When the door was shut, Cyril jumped out of bed to watch her go, and so occupied was he over her danger, that he forget his own hurt and did not limp at all.

Up and down the garden paths his mother and father were walking, his mother's arm through his father's, and a happy peaceful look on her face. The thought ran through the boy's mind, how little grown up ones know of the troubles of childhood. Nancy was rolling with baby on the little lawn, singing—

"John, John, John, the grey goose is gone,
The fox is away o'er the hill, Oh!"

and he thought how good it was to be a girl—a goose—a fox—anything but a boy!

Then he crept back to bed, covered up his head and began to cry. For he was afraid that Betty would be hurt—and once again had he hung back when he should have gone forward.
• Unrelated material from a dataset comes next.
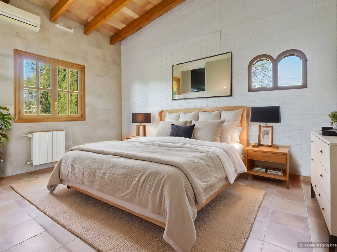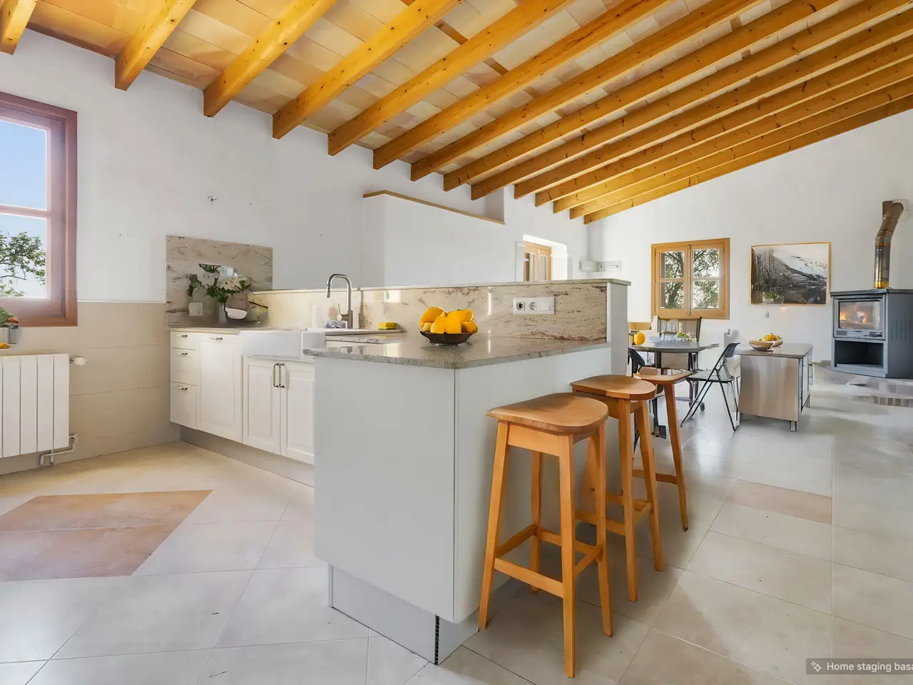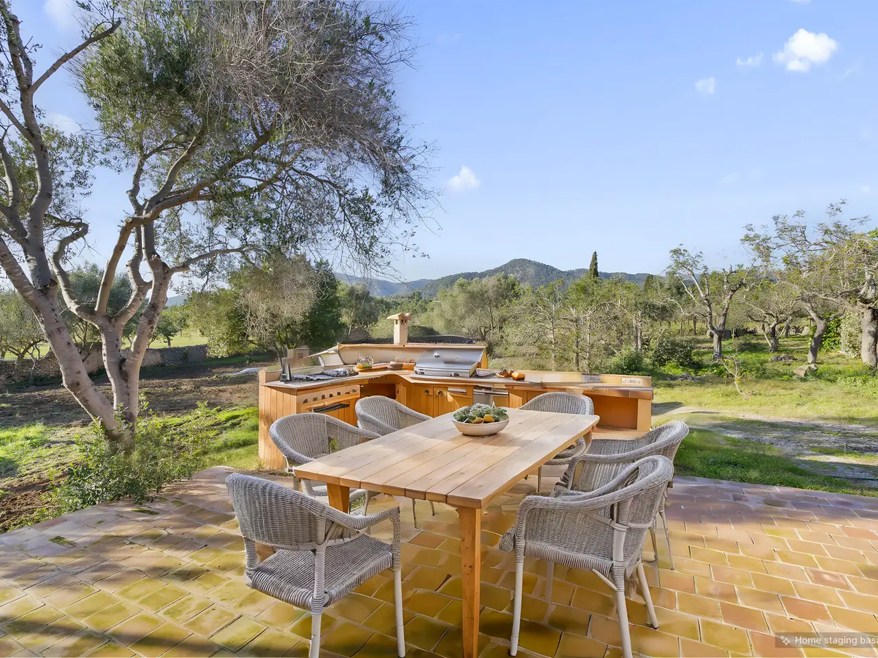 For sale is a finca with potential that was built in 1996. The constructed area of the property is approximately 170 m² and offers the possibility of extending the area by a further 170 m², which offers additional design freedom for individual living dreams. The house has a total of four rooms, including three spacious bedrooms, which offer enough space for the whole family. Two bathrooms provide additional comfort and are modernly equipped. The condition of the property is well maintained and promises a comfortable living experience. At the heart of the finca is the bright living room, which is equipped with a large fireplace. This creates a cozy atmosphere and invites you to spend relaxed evenings. The open fitted kitchen is functional and, together with the living room, forms the center of the living space. The finca extends over a spacious plot of approx. 4093 m². The surrounding nature of fruit and olive trees offers a charming backdrop and harmonizes perfectly with the overall image of the property. From the terrace you can enjoy an impressive mountain panorama that creates a special ambience in every season. Practical features of the finca include its own well and a photovoltaic system, which guarantee an environmentally friendly energy supply. There is a parking space available for vehicles. The garden not only offers space to relax, but also to grow your own fruit trees, which supports a sustainable lifestyle. The property is ideal for buyers who value a quiet location in the middle of nature and at the same time do not want to do without modern amenities. The possibility of expanding the living space also makes it particularly interesting. In summary, this well-maintained finca, with its harmonious location between Santa Maria del Camí and Alaró and the possibility of expansion, is ideal for families and nature lovers who are looking for a mix of modern living and life close to nature. If you are interested in a viewing or further information, we are happy to help. Do not hesitate to contact us for personal advice. We look forward to your inquiry. Alaró is located in the heart of Mallorca, about 26 km from Palma, in the Tramuntana Mountains. The municipality is known for the Alaró mountain (825 m) with the historic Alaró Castle and the Alcadena mountain (817 m). Its history dates back to the Talayotic era. The castle fortress was first mentioned in the 12th century, is located on a mountain peak and offers stunning panoramic views over the island. There is an inn there and you can also stay overnight. The climb is a popular hiking route for nature lovers and history buffs. The Gothic church of Sant Bartomeu, in the center, is surrounded by cozy cafes and restaurants. In the late 19th century, industrialization and innovation made Alaró the first town in Mallorca with electric lighting and the first cinema. Today the town is a popular starting point for hikers and cyclists. The region is known for its olive groves and wineries, which offer first-class local products. Alaró celebrates on June 29th in honour of San Pedro and the week before August 16th in honour of San Roque, with traditional dances such as the Cossiers dance. Alaró has many restaurants, hotels, agrotourism farms and cultural events, such as the organ concerts in the church of Sant Bartomeu. The lively village life, coupled with the proximity to Palma and the island's beaches, makes Alaró a desirable place to live. Discover the beauty and charm of this unique village - an ideal investment for property buyers looking for authenticity and tranquility. - Terraces - Garden with fruit trees - Well - Photovoltaic system - Parking space We generally recommend having the building law situation checked by a specialist lawyer. All information is based exclusively on information provided by the owner or client. We do not guarantee that the information is complete, correct or up-to-date. The brokerage fee is borne by the seller. Taxes incurred on the purchase, notary and land registry costs are to be borne by the buyer.

And his heart told him that again he had been a coward.

Down by the willows John Brown was waiting. He had very much enjoyed issuing his "challenge" but he felt morally certain that it would not be accepted. He was therefore surprised when he saw his small adversary approaching him in the dusk.

Who shall say what fancies were running riot in his head! He was a squire going to punish a rash youth for trying to thrust himself into their family. He, his grandfather's grandson, was going to thrash a foolish boy for taking his grandfather's name in vain!
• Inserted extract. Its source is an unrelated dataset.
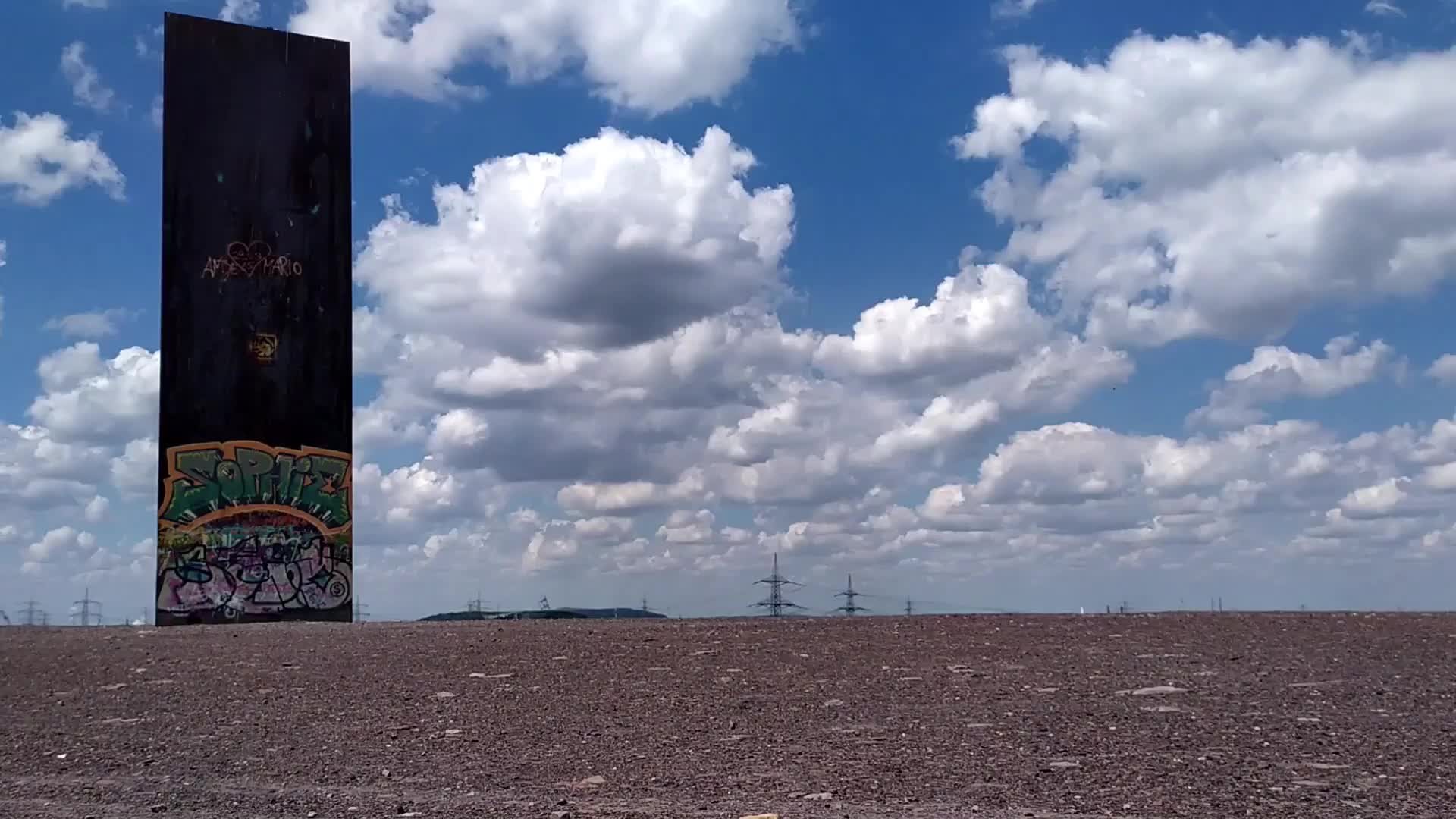 Wow! Oben angekommen entfaltet sich das volle Haldenpanorama. Die oberste dunkle Abraumschicht auf dem Plateau funkelt im Sonnenlicht. Sie gleicht einer Mondlandschaft. Darüber der blaue Himmel, rundherum lebendige Vegetation. Und am Horizont ein Koloss aus gegossenem Stahl: die wuchtige Landmarke des US-amerikanischen Bildhauers Richard Serra zieht alle Blicke auf sich. Dort geht es also hin: Zur Bramme für das Ruhrgebiet ...

Meanwhile his little foe came on, over the rough sun-burnt grass, over a fallen tree through a small stretch of denser scrub, to the very shores of the "coral island sea." And the baby-moon chose the moment of their meeting to slip behind a cloud and leave the world in semi-darkness.

"Well done, Bruce!" said Brown coming forward and speaking in a hearty tone; "I didn't believe you'd come—I didn't think you had a fight in you."

"We Bruces fight till we die!" piped Betty, and bit her lip to still its quivering.